The potential for oxidative stress is indicated by changes in expression for a set of genes that encode antioxidant proteins to combat oxidative stress. In both zebrafish and humans, these antioxidant genes are regulated by the protein Nrf2 (NFE2 p45-related Factor 2).
According to the researchers, oxidative stress contributes to a wide range of human diseases, including neurodegeneration, cardiac conditions such as atherosclerosis, and cell death associated with ischemia and reperfusion injuries.
Testing a High-throughput Platform

UW SRP Center researchers led by Evan Gallagher, Ph.D., investigated the Affymetrix QuantiGene Plex (QGP) platform, which provides a fast and high-throughput way to measure the expression of target genes.

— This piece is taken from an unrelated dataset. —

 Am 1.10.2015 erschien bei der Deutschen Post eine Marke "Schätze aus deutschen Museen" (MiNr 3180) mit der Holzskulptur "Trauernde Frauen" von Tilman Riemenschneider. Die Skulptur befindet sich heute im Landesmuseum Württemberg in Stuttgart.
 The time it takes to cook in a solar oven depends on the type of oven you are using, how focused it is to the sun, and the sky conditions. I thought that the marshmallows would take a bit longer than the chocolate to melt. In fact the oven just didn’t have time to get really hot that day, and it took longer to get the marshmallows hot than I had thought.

QGP is a flexible method that allows for quantification of up to 80 genes within a single sample. The researchers developed a targeted panel of 13 genes that contained Nrf2-dependent antioxidant genes, genes responsive to oxidative stress or DNA damage but not dependent on Nrf2, and three reference genes.
To test the QGP platform, the researchers used it to examine their panel of genes in larval zebrafish exposed to tert-butyl hydroperoxide (tBHP) and cadmium (Cd). These chemicals were used because they both can induce oxidative stress and activate Nrf2 but do so through different molecular mechanisms.

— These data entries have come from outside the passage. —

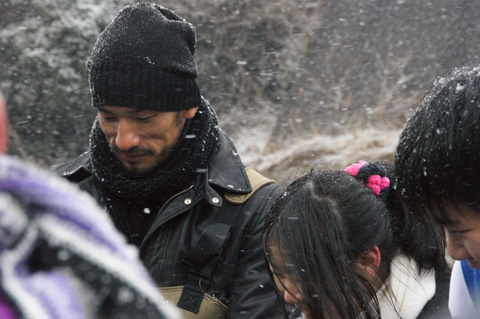ここでは梼原町や高知県の担当者の方から色々なお話を伺ったのだけど、雪の中に薄着で黙って話を聞くヒデさんが気になって仕方がない・・。声も体も震えていないのが不思議なくらいの寒さである。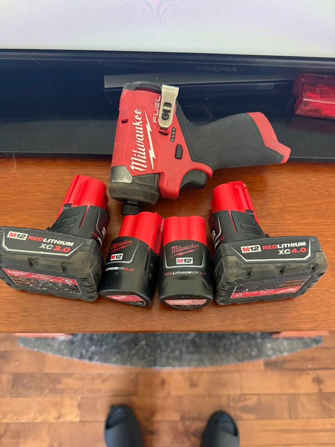 Selling a Milwaukee M12 Fuel impact driver along with a few batteries! There are two M12 Red Lithium XC 4.0 batteries, one M12 Red Lithium CP 2.0 battery, and one M12 Red Lithium CP 3.0 battery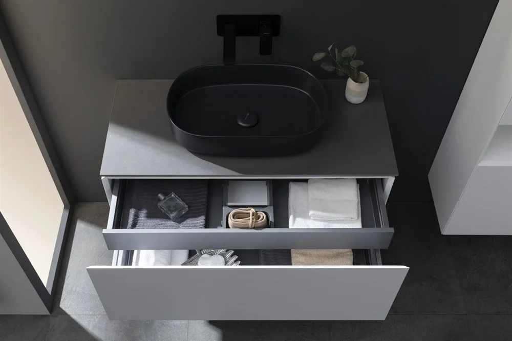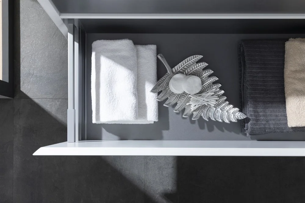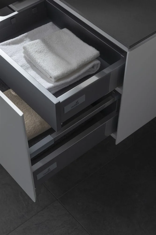 Выдвижные ящики с металлическими боковыми стенками в цвете серый металлик.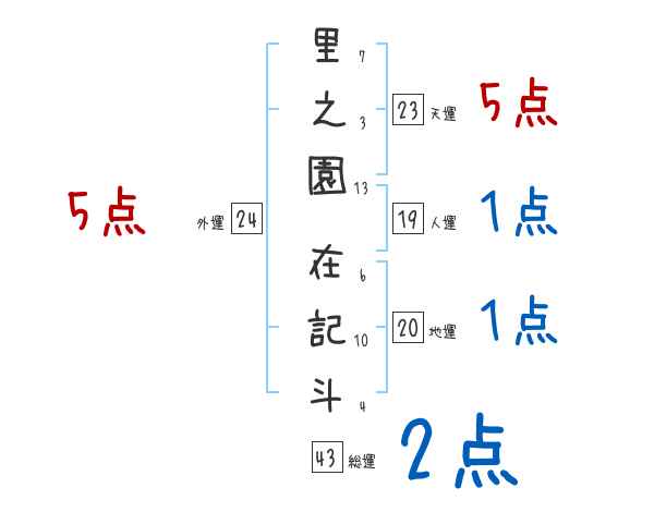 外運![]() | 里之園在記斗さんの外運は24画の5つ星!家庭運が良く順調な人生。金運にも恵まれる。 生活面を象徴する運勢です。外部から受ける影響力を表し、結婚運、家庭運や職場、環境への順応性を表します。 |
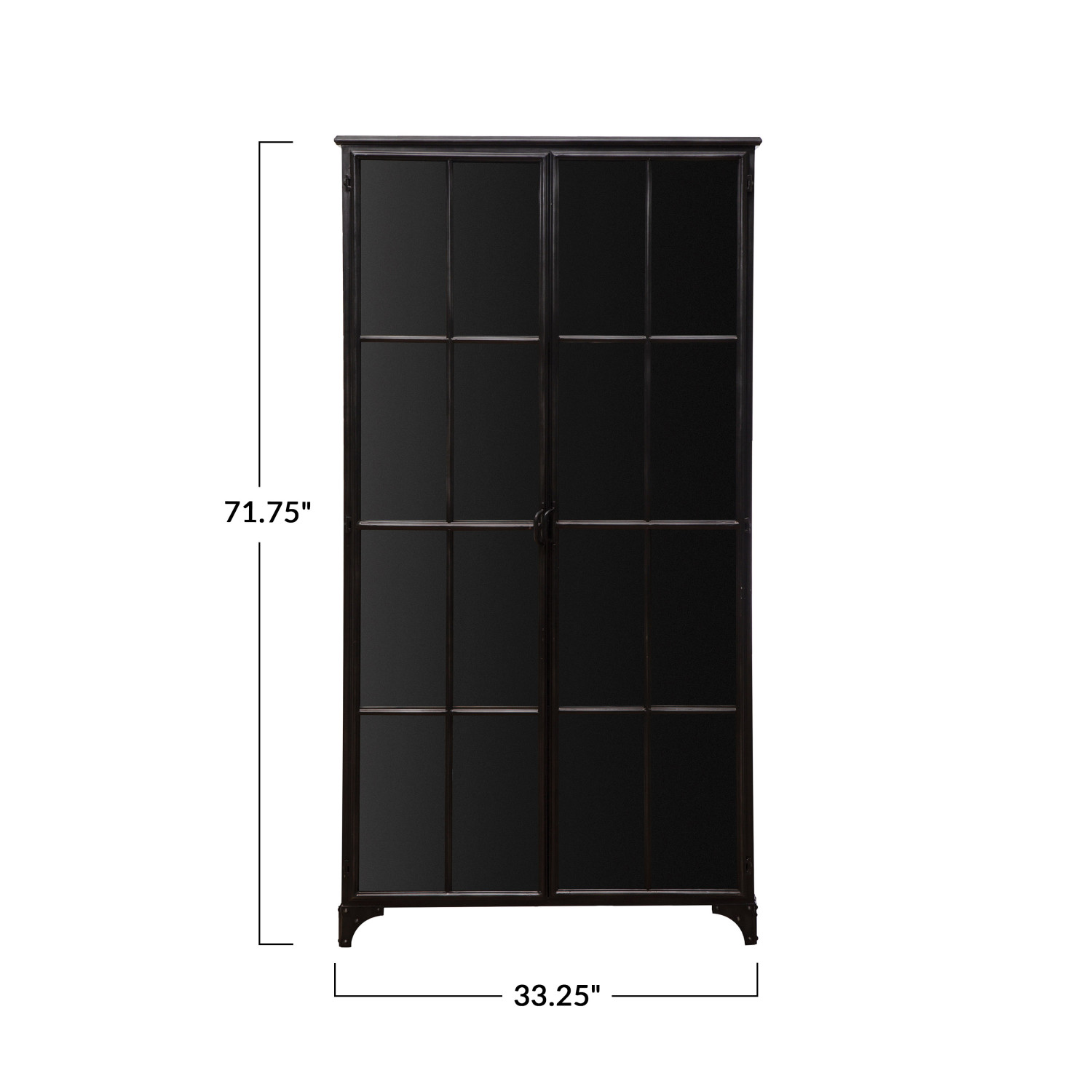 Catalog Name: 33-1/4"W x 16-1/2"D x 71-3/4"H Metal Cabinet w/ 2 Glass Doors & 4 Shelves, Black, KD, Truck Ship

The researchers compared the QGP results to those obtained with quantitative polymerase chain reaction (qPCR), the conventional laboratory method used to assess changes in gene expression. They found that both QGP and qPCR revealed the same changes in gene expression in zebrafish exposed to tBHP and Cd and had comparable reagent costs. However, QGP required significantly less time and tissue to carry out the same analysis.

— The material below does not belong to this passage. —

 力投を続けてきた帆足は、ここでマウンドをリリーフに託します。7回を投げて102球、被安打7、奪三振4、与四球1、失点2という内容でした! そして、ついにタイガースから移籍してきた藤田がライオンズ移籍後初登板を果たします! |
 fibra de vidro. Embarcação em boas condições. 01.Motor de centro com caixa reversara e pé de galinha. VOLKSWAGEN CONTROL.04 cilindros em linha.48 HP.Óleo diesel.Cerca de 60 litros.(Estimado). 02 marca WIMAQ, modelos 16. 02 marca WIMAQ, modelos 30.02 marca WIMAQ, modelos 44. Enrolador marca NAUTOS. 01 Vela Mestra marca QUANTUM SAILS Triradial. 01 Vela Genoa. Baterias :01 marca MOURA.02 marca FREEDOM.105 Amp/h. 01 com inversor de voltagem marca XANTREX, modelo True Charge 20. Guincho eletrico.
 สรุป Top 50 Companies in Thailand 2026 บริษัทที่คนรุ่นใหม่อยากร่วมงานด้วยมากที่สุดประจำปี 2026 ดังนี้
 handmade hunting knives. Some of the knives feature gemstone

The authors noted that QGP was relatively simple to perform compared to qPCR, in part, because qPCR requires RNA purification and an additional processing step, while QGP can be performed using unpurified homogenized tissue. This means that QGP is not only faster to perform but also eliminates potential sources of variation and contamination that can occur during the additional qPCR-related steps. The QGP analysis also required far less tissue. While qPCR requires tissue from a minimum of four zebrafish larvae to be pooled for each sample used to analyze the 13 genes, QGP requires only a single larva. QGP thus not only requires fewer animals but also allows analysis of individual variation in gene expression since only one organism is needed per sample. The inclusion of three reference genes, as opposed to one normalization gene often used in qPCR studies, further reduced the potential for variation associated with measuring gene expression.
Identifying Gene Expression Similarities and Differences
The researchers provided quantitative evidence that exposure of larval zebrafish to Cd generated changes in the expression of several Nrf2-dependent antioxidant genes. However, they found that two genes in their panel known to be affected by Cd or tBHP exposure in mammals seemed to be unaffected in the exposed zebrafish. This evidence of similarities and differences in how some Nrf2 genes are regulated in zebrafish and mammals may be important for understanding which markers in larval zebrafish are associated with antioxidant function in mammals.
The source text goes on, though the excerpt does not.